D'Averc se dedicaba a recuperar lo poco que no se había roto. —Es un milagro que todavía estemos vivos —dijo.

—Sí —asintió Hawkmoon—. Ese ruido parecía afectar a las cosas inanimadas mucho más que a nosotros.

—Dos de los sirvientes más ancianos han muerto —dijo con serenidad el conde Brass—. Supongo que sus corazones no pudieron soportarlo. Los están enterrando ahora en el patio interior, por si no fuera posible hacerlo por la mañana. —¿En qué estado se encuentra el castillo? —preguntó Oladahn.

—Es difícil decirlo —contestó el conde Brass encogiéndose de hombros—. He bajado a los sótanos. La máquina de cristal está completamente hecha añicos y han aparecido grietas en algunos muros. Pero éste es un viejo castillo muy sólido. Parece que no se ha visto gravemente afectado. Claro que no queda ni un solo cristal entero. Por lo demás…

—Se encogió de hombros como si ya no le importara su querido castillo. —Por lo demás, seguirnos estando en terreno tan firme como lo estábamos antes.

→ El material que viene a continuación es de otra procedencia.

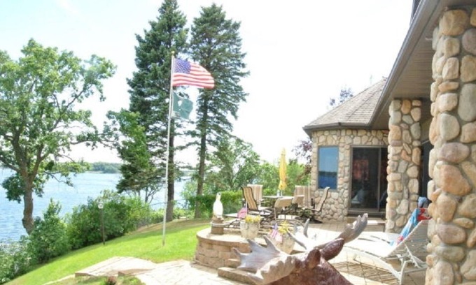 A vacation dream on Pelican Lake! This property will book fast so, please do not wait to book your spot next summer! Spectacular views from this year-round lake home on Big Pelican. Great swimming with 100 feet of lakeshore and the complete dock system. Great swimming with 100 feet of lakeshore and the complete dock system is included. Pontoon and water toys are available for rent. The space This 5 bedroom/3 bath home has a lakeside master bedroom and sunroom, vaulted ceilings, split rock stone fireplace, and concrete steps to a patio. Private and gated drive with an attached 2 stall garage and a 2 stall detached garage. Spectacular views from this year-round lake home on Big Pelican. The lakeside patio provides plenty of space to relax or entertain. House is fully stocked for your summer vacation, utensils and linens provided. If you need extra cleaning services during your stay - just let us know. Bonfire pit for a perfect ending to a day on the water. Just a short drive by boat to Zorbaz.

—Esperemos que sea así —murmuró D'Averc. Sostenía la funda de la Espada del Amanecer, con el arma dentro, y la cadena de la que pendía el Amuleto Rojo. Entregó ambos a Hawkmoon —. Será mejor que os pongáis esto, pues no cabe la menor duda de que los necesitaréis dentro de bien poco.

Hawkmoon se puso el amuleto alrededor del cuello y se ató el cinturón con la espada.

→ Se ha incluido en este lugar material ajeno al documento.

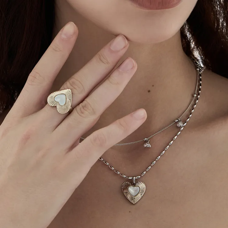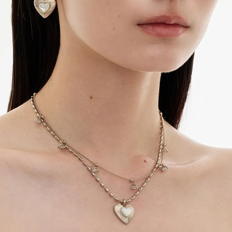 Стиль:Двухслойное ожерелье в форме сердца с жемчужиной
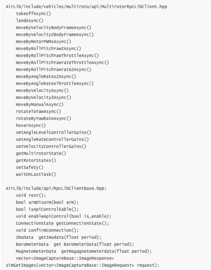 鼓励方案和真机方案相同或近似,采用ubuntu + ROS的编程方式。比赛可用API见附录,不可用GPS等API,我们第一版提供的AirLib直接编译于master分支的AirSim,并未注释掉GPS等相关API,方便大家调试,但注意比赛的时候禁止使用除了下面的其他API函数。

Después tomó en sus manos el Bastón Rúnico envuelto en el paño y dijo con un suspiro:

—Eso no parece traernos la buena suerte que todos habíamos esperado.

Llegó por fin el amanecer. Lo hizo con lentitud, grisáceo y frío. El horizonte aparecía blanco como un viejo cadáver, y las nubes mostraban el color del hueso.

Cinco héroes contemplaron la llegada del nuevo día. Estaban fuera de las puertas del castillo de Brass, sobre la colina, con las manos apoyadas en las empuñaduras de sus espadas. Y sus manos se fueron tensando a medida que eran capaces de distinguir el paisaje que se extendía ante ellos.

Era la Camarga que habían abandonado, pero que ahora aparecía desolada por la guerra. El olor del que habían hablado horas antes era el de la carnicería, el de un terreno quemado. Todo era una negra ruina. Las marismas y los estanques se habían secado a consecuencia del fuego del cañón. Los flamencos, los caballos y los toros habían sido destruidos o habían huido. Las torres de vigilancia que habían guarnecido las fronteras aparecían todas aplastadas. Era como si todo el mundo estuviera compuesto por un mar de ceniza gris.

—Todo ha desaparecido —dijo el conde Brass en voz baja—. Todo ha desaparecido, mi querida Camarga, mi gente, mis animales. Yo era su lord Protector por elección, y he fracasado en mi tarea. Ahora ya no queda nada por lo que vivir, excepto la venganza.

Dejadme llegar ante las puertas de Londra y ver cómo cae esa ciudad. Después de eso moriré. Pero no antes.